Data Literals: print, read, spit, and slurp

This article was prompted by a reoccurring discussion started by newcomers to the Clojure IRC channel. Having learned the basics, folks want to hit the ground running with stateful and durable services. Coming from a background in some big framework or some hairy application, these folks ask those suggestive questions about databases, driver libraries, and the like. Often, upon interrogation, they only have a couple kilobytes or megabytes of total data to be stored. In such a situation, the advice is always the same: Put that data into an atom, then use spit and slurp to save and load.

(def db (atom {...}))

(defn save-data []
  (spit "somefile" (prn-str @db)))

(defn load-data []
  (reset! db (read-string (slurp "somefile"))))
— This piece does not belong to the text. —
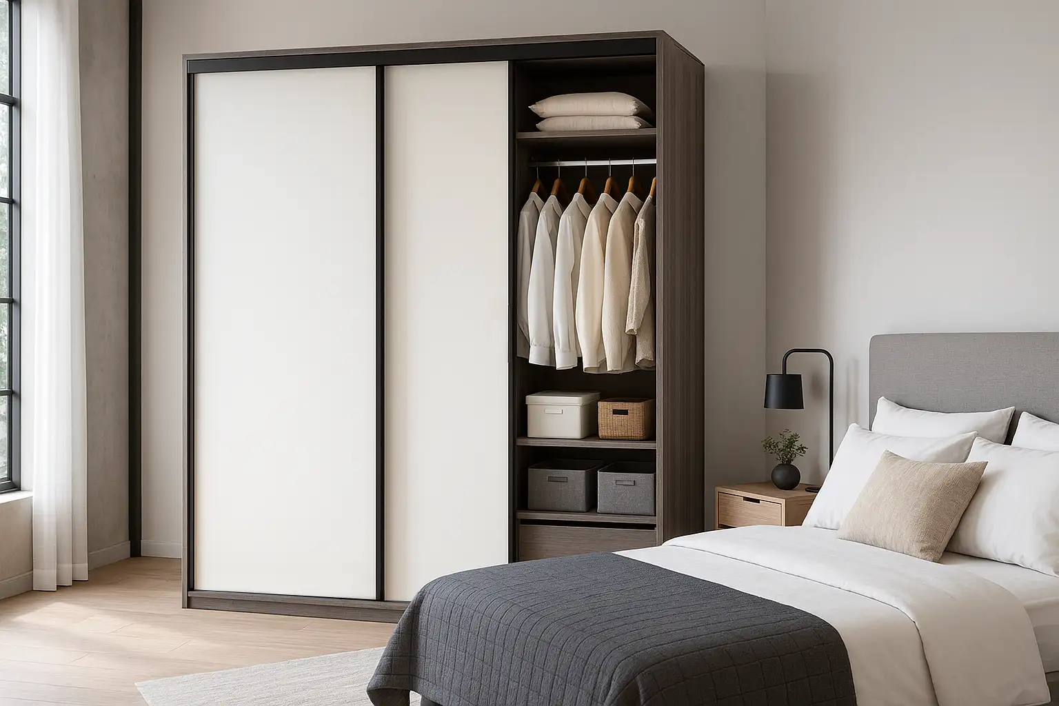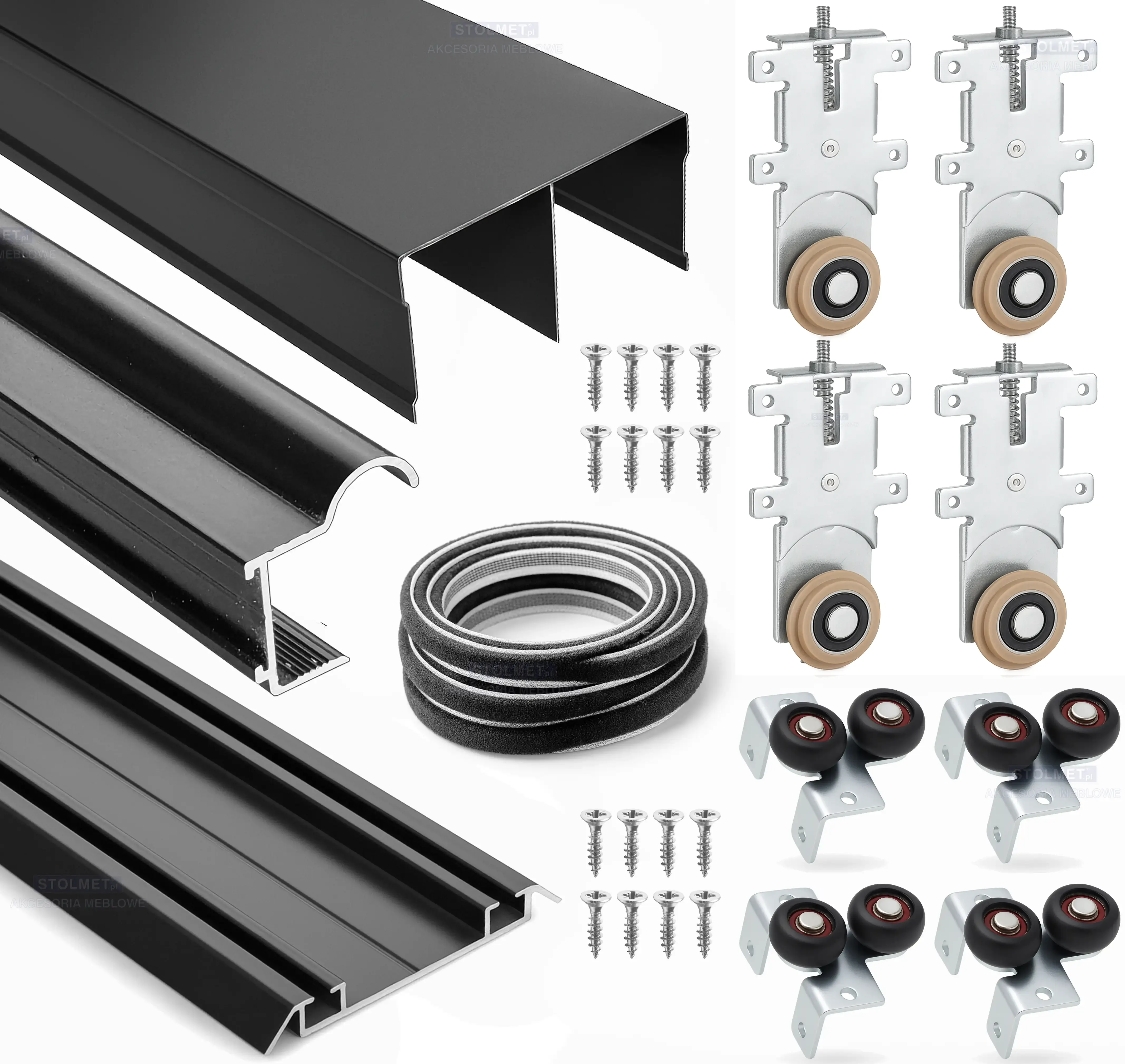 W skład zestawu wchodzą wszystkie profile i okucia które potrzebujesz do skręcenia drzwi przesuwnych.

Because Clojure encourages the use of printable, readable, “pure” data, your save and load functions are virtually free! If you’re not familiar with Clojure, then consider working with pure JSON in Node.js:

var db = {...};

function saveData() {
  fs.writeFileSync("somefile", JSON.serialize(db));
}

function loadData() {
  db = JSON.parse(fs.readFileSync("somefile"));
}

Things aren’t quite as easy in languages lacking data literals, but nearly every popular language has some kind of automatic serialization library. However, even if you do need to write your own save and load functions, it’s a pretty straightforward, if somewhat tedious, process.

Even–or especially–experienced programmers are surprised by just how far this brain-dead-simple durability scheme will go.

Atomicity

One other objection to files is that it’s difficult to ensure an application enjoys the same guarantees that a well-tested ACID database affords. Never mind the fact that the majority of Rails applications suffer from dozens of consistency bugs because most developers forget to wrap related updates in transactions; it is true that incorrectly implemented file IO can cause catastrophic data loss.
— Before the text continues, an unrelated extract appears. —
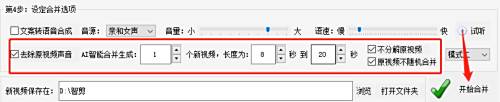 5、最后我们设置一下视频参数,先将视频原声去除的选项勾选上,有需要将视频内容自由合并的我们就不勾选随机合并以及分解原视频的选项,想要保留原视频内容的我们就将将该选项勾选上。
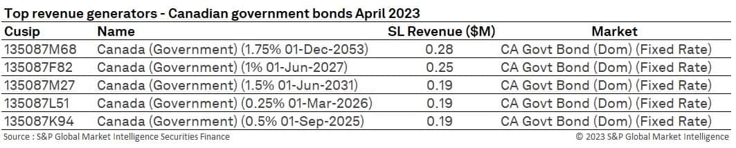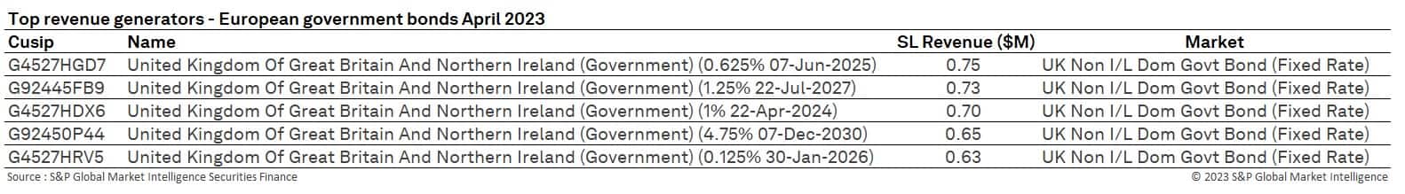 Across the highest revenue generating government bonds, as we have seen previously, short dated issues are commanding the highest fees and generating the strongest revenues. The only exception to this is Canada where the 1.75% 1st Dec 2053 (135087M68) generated the strongest returns for lenders. The pause in any future rate increases may be impacting those bonds with higher duration risk hence the exception to the general trend.

If you plan to deploy spit and slurp into production, you’d be advised to write to a temporary file and utilize an atomic rename. This ensures that a failure during writing won’t corrupt your database. See man rename for more.

function saveData() {
  fs.writeFileSync("somefile.tmp", JSON.serialize(db));
  fs.renameSync("somefile.tmp", "somefile");
}

Just this one little tweak and this bad boy is production ready. Clojure programmers can use Java’s File.renameTo method. See below.

Remember to configure your backups!

Don’t Stop The World

Experienced Node.js programmers likely cringed at the “Sync” suffix on the above file operations. These operations will block while data is being read or written. In addition to yielding clearer example code, synchronous operations do not require coordination. If your application only needs to serve a handful of users, you can still write 100 megabytes of data in less than half a second. Even if you write every change to a file on every request, your ten users might not even notice your blocking IO. As you scale up, you’ll need to either split your data files up and/or start writing files asynchronously.
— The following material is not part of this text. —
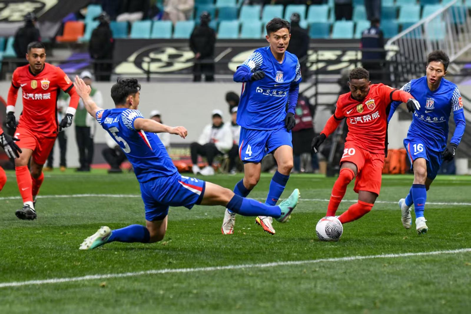 新加盟上海申花队的外援米内罗(右)在首秀中表现积极。劳动报记者颜筱依 摄影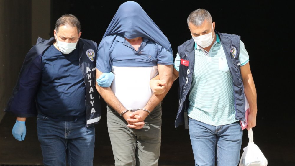 Antalya'nın Döşemealtı ilçesinde yangın alanında cesedi bulunan eski CHP Döşemealtı İlçe Başkanı ve iş insanı Hasan Haluk Yalçın'ı öldürdüğü iddiasıyla gözaltına alınan polis memuru, adliyeye sevk edildi. Şüphelinin polis merkezinden çıkartılırken, tişörtüyle yüzünü ve başını kapattığı görüldü.

Asynchronous means coordination. Coordination means locking or queues. This stuff really isn’t as scary as it sounds, but it will have to wait; this post has already gotten far too long. However, I don’t want to lead you down the wrong path, so I should mention that, unlike Node.js, synchronous writes on the JVM will not block other requests. You practically don’t have a choice, but to be asynchronous. If two requests both call your save function at the same time, the resulting race condition can lead to incremental data loss. Luckily, Clojure’s agents and persistent data structures provide for a super quick fix:

(import 'java.io.File)

(def save-agent (agent nil))

(defn save-data []
  (send-off save-agent
    (fn [_]
      (spit "somefile.tmp" (prn-str @db))
      (.renameTo (File. "somefile.tmp") (File. "somefile")))))

Different web servers across all the different languages have varying concurrency support and configuration defaults. Whether or not you use file IO, you should be aware of the concurrency story for your platform and its impact on your application.